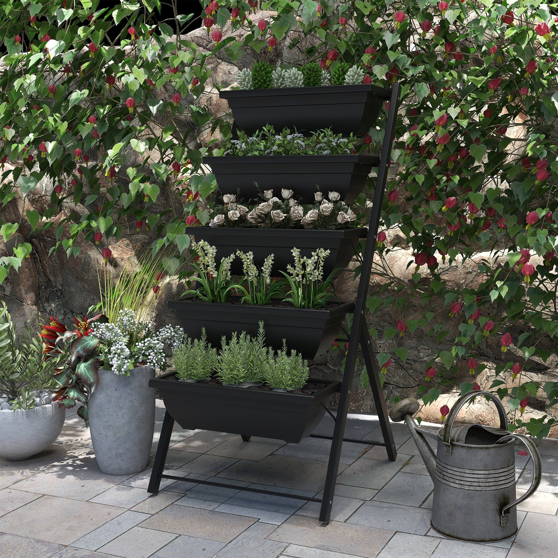 Multi-layer design with 5 outdoor pots for displaying flowers and plants in compact spaces
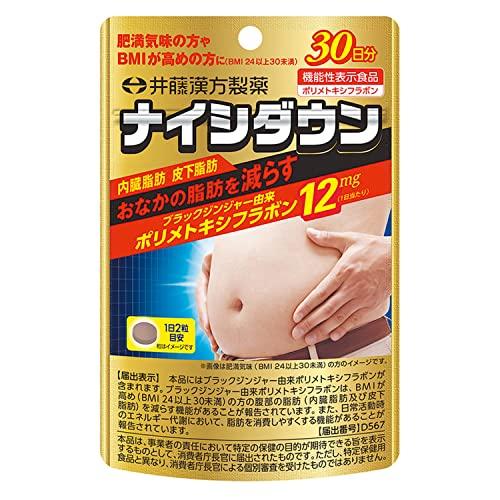 お腹の脂肪(内臓脂肪・皮下脂肪)に着目 ブラックジンジャー由来ポリメトキシフラボン配合 肥満気味の方やBMIが高めの方に(BMI24以上30未満) おなかの脂肪(内臓脂肪・皮下脂肪)を減らす機能が報告されているブラックジンジャー由来ポリメトキシフラボンを配合。肥満気味の方やBMIが高めの方(BMI24以上30未満)にオススメです。1日2粒でOKです。 機能性関与成分:ブラックジンジャー由来ポリメトキシフラボン 12 mg(2粒 0.5gあたり)
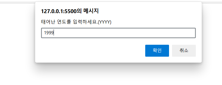 birthYear= prompt("태어난 연도를 입력하세요.(YYYY)","");
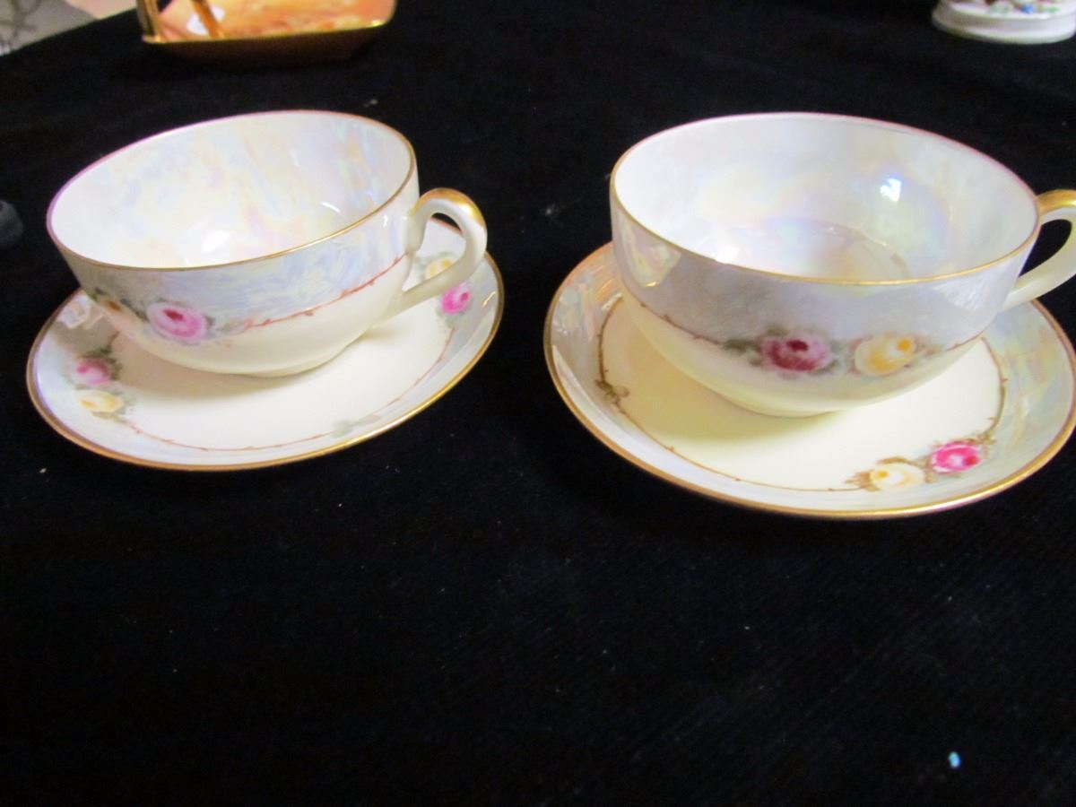 Pair E Hand China Cups Dated 1922

## What to do
An exact transcript of the listing is needed, free of pictures.

## Written response
 Multi-layer design with 5 outdoor pots for displaying flowers and plants in compact spaces
 お腹の脂肪(内臓脂肪・皮下脂肪)に着目 ブラックジンジャー由来ポリメトキシフラボン配合 肥満気味の方やBMIが高めの方に(BMI24以上30未満) おなかの脂肪(内臓脂肪・皮下脂肪)を減らす機能が報告されているブラックジンジャー由来ポリメトキシフラボンを配合。肥満気味の方やBMIが高めの方(BMI24以上30未満)にオススメです。1日2粒でOKです。 機能性関与成分:ブラックジンジャー由来ポリメトキシフラボン 12 mg(2粒 0.5gあたり)
 birthYear= prompt("태어난 연도를 입력하세요.(YYYY)","");
 Pair E Hand China Cups Dated 1922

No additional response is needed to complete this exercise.